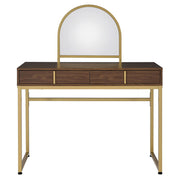 Coleen - 50" Vanity Desk With Mirror & Jewelry Tray - Walnut & Gold
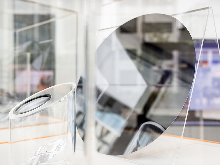 Wer weiterschaut, wundert sich vielleicht über einen Glaskasten mit glänzend silbrigem Inhalt: Dabei handelt es sich um hochreines Polysilicium , das wir bei WACKER in weltweit führender Menge und Reinheit herstellen. Wafer aus unserem Polysilicium ermöglichen z.B. die Herstellung von Chips im Bereich der künstlichen Intelligenz, Serveranwendungen, Datenspeicher und des autonomen Fahrens. In unserem Showroom haben Sie Gelegenheit, einen solchen Mikrochip einmal wortwörtlich unter die Lupe zu nehmen.
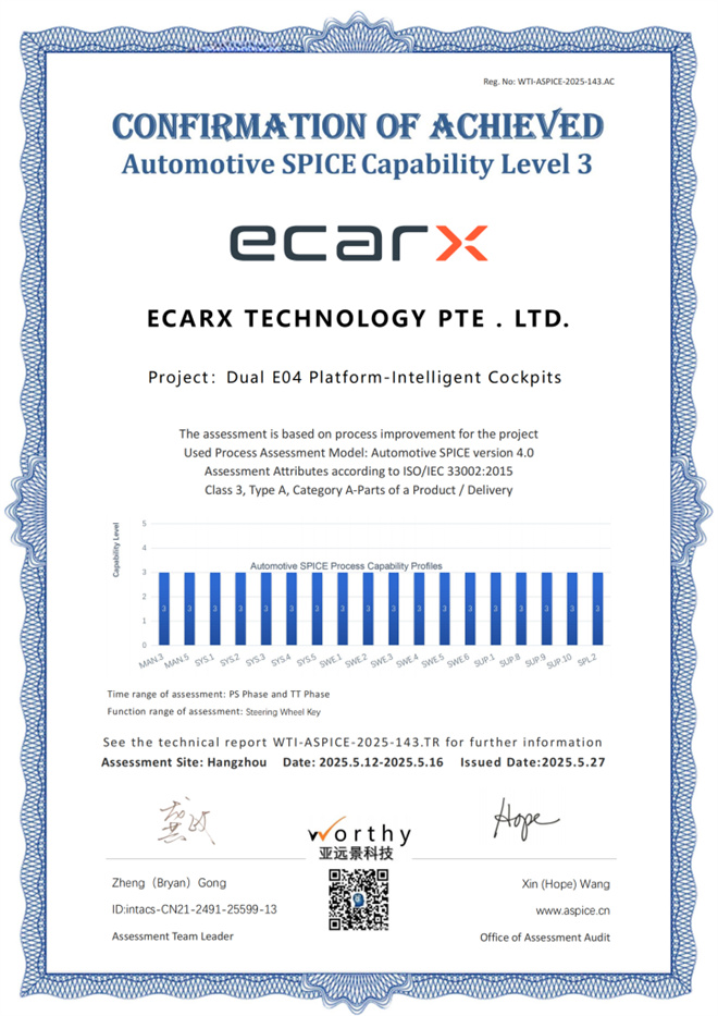 ASPICE證書是汽車行業軟件開發領域的國際權威認證,用于評價軟件開發團隊的研發能力與體系化水平,也是國際標準化組織(ISO)和國際電工委員會(IEC)的聯合標準之一。Capability Level 3(CL3)是目前全球汽車行業在ASPICE認證上獲得過的最高評級,這標志著億咖通科技在開發、質量管理和流程體系建設方面已完全達到國際領先水平。
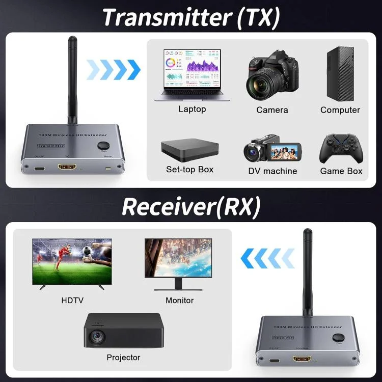 2 In 1 4K 30Hz Wireless HDMI Extender 100m Point To Point HD Video Transmitter, Transmitter+Receiver
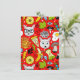 Cat and egg on red invitation
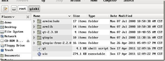 在Linux系统中新建目录/root/yizhi,然后将已经编译好的arm-QT库复制到此目录下面。

※

What you need to do —
Output the data exactly. Pictures don't belong in the result.

Output of the task —
 Coleen - 50" Vanity Desk With Mirror & Jewelry Tray - Walnut & Gold
 Wer weiterschaut, wundert sich vielleicht über einen Glaskasten mit glänzend silbrigem Inhalt: Dabei handelt es sich um hochreines Polysilicium , das wir bei WACKER in weltweit führender Menge und Reinheit herstellen. Wafer aus unserem Polysilicium ermöglichen z.B. die Herstellung von Chips im Bereich der künstlichen Intelligenz, Serveranwendungen, Datenspeicher und des autonomen Fahrens. In unserem Showroom haben Sie Gelegenheit, einen solchen Mikrochip einmal wortwörtlich unter die Lupe zu nehmen.
 ASPICE證書是汽車行業軟件開發領域的國際權威認證,用于評價軟件開發團隊的研發能力與體系化水平,也是國際標準化組織(ISO)和國際電工委員會(IEC)的聯合標準之一。Capability Level 3(CL3)是目前全球汽車行業在ASPICE認證上獲得過的最高評級,這標志著億咖通科技在開發、質量管理和流程體系建設方面已完全達到國際領先水平。
 2 In 1 4K 30Hz Wireless HDMI Extender 100m Point To Point HD Video Transmitter, Transmitter+Receiver
 Cat and egg on red invitation
 在Linux系统中新建目录/root/yizhi,然后将已经编译好的arm-QT库复制到此目录下面。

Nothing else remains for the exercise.